The ongoing SARS-CoV-2 pandemic continues to cause substantial morbidity and mortality around the world [1, 2]. Regional preparation for the pandemic requires forecasting the growth rate of the epidemic, the timing of the epidemic peak, the demand for hospital resources, and the degree to which current policies may curtail the epidemic, all of which benefit from accurate estimates of the true prevalence of the virus within a population [3]. Confirmed cases are thought to be underestimates of true prevalence due to some unknown combination of patients not reporting for testing, testing not being conducted, and false-negative test results. Estimating the true prevalence informs the scale of upcoming hospital, ICU and ventilator surges, the proportion of individuals who are susceptible to contracting the disease, and estimates of key epidemiological parameters such as the epidemic growth rate and the fraction of infections which are sub-clinical.

The current literature suggests that the predominant symptoms associated with COVID are fever, cough and sore-throat; that is, patients often present with an influenza-like illness (ILI) yet test negative for influenza [4, 5]. With many COVID patients having a similar presentation as patients with influenza, existing surveillance networks in place for tracking influenza could be used to help track COVID.

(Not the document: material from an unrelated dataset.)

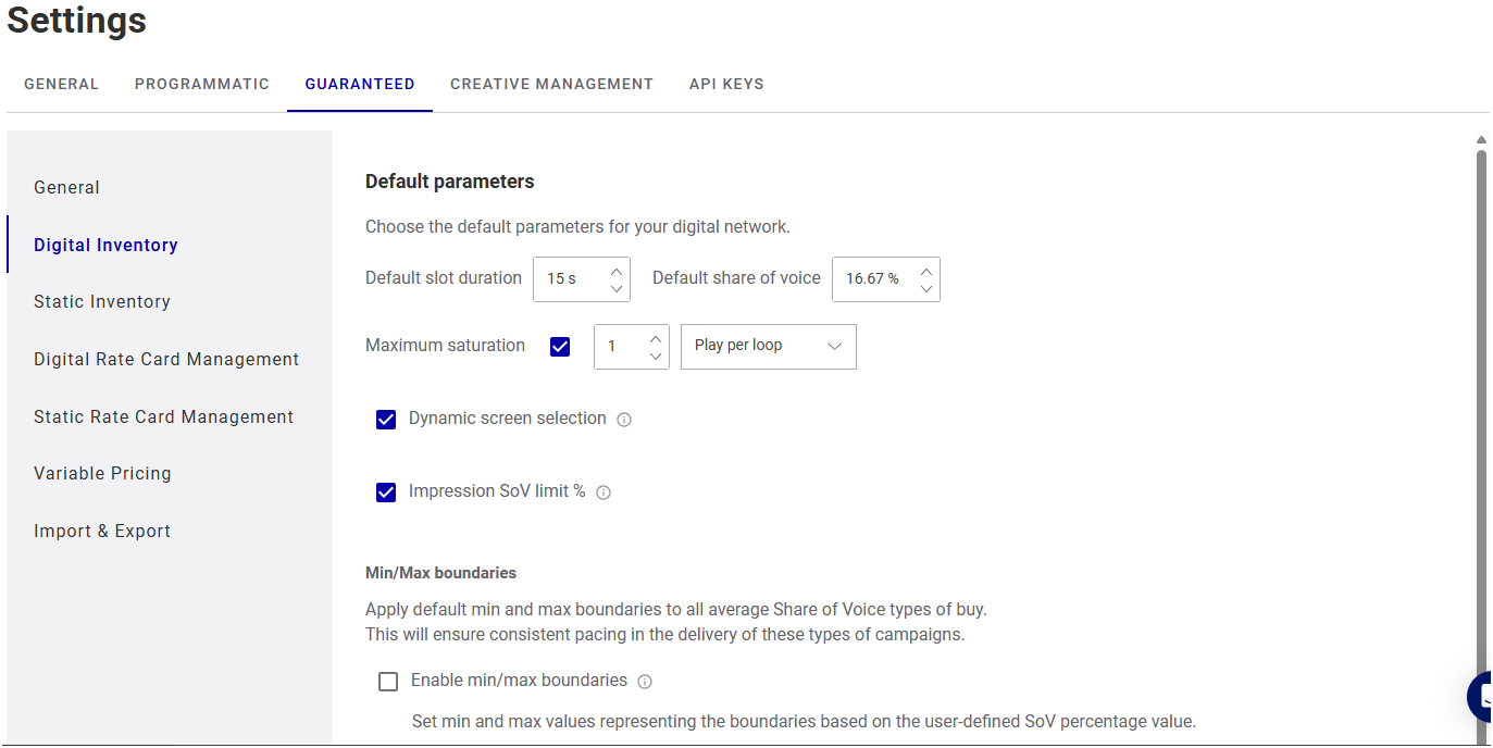 Note: Guaranteed Campaigns settings are available only to users assigned the Admin or Direct Sales Admin role. For more information, see User Permissions.

Here, we quantify background levels of non-influenza ILI over the past 10 years and identify a recent surge of non-influenza ILI starting the first week of March, 2020. This surge of excess ILI correlates with known patterns of SARS-CoV-2 spread across states within the US, suggesting the surge is unlikely to be due to other endemic respiratory pathogens, yet is orders of magnitude larger than the number of confirmed COVID cases reported. Together this suggests that the true prevalence of SARS-CoV-2 within the US is much larger than currently appreciated and that the syndromic case detection rate is likely less than 13%, corresponding to more than 2.8 million new ILI cases due to SARS-CoV-2 and, assuming influenza-like clinical rates, more than 8.7 million total SARS-CoV-2 cases. Our analysis provides empirical corroboration of previous hypotheses of substantial undocumented cases yet places the estimated undocumented case rate higher than prior reports [6]. The SARS-CoV-2 prevalence estimates obtained from the ILI surge are consistent with an epidemic doubling time of less than 4 days. A sub-4 day doubling time is substantially faster than many prior reports [7, 8] yet is consistent with the 3-day doubling time of observed deaths due to COVID within the US. Our findings support a conceptual model for COVID spread in the US in which more rapid spread than previously reported is coupled with a larger undiagnosed population to give rise to currently observed trends. Finally, we find that the ILI surge peaks the week starting March 15, and we discuss the potential explanations for this phenomenon.

## 2 Results

### 2.1 Influenza like illness surge

We identified excess ILI cases by first subtracting cases due to influenza and then subtracting the seasonal signal of non-influenza ILI (Figure 1). Many states, including Washington, New York, Oregon, Pennsylvania, Maryland, Colorado, New Jersey, and Louisiana, have had a recent surge in number of non-influenza ILI cases far in excess of seasonal norms. For example, in the second week of March, 2020, Oregon saw 50% higher non-influenza ILI than it had ever seen since the inception of the ILINet surveillance system within the US. We find that with 95% probability, approximately 4% of all outpatient visits in Oregon during this time were for ILI that could not be explained by either influenza or the normal seasonal variation of respiratory pathogens. We find that as the seasonal surge of endemic non-influenza respiratory pathogens declines, this excess ILI correlates more strongly with state-level patterns of newly confirmed COVID cases suggesting that this surge is a reflection of ILI due to SARS-CoV-2 (Pearson *ρ* > 0.35 and *p* < 0.05 for the last three weeks; Figure S1A). Notably, we find that the ILI surge appears to peak during the week starting on March 15 and subsequently decreases in numerous states the following week; notable exceptions are New York and New Jersey, two of the states that have been the hardest hit by the epidemic, which have not started a decline by the week ending March 28.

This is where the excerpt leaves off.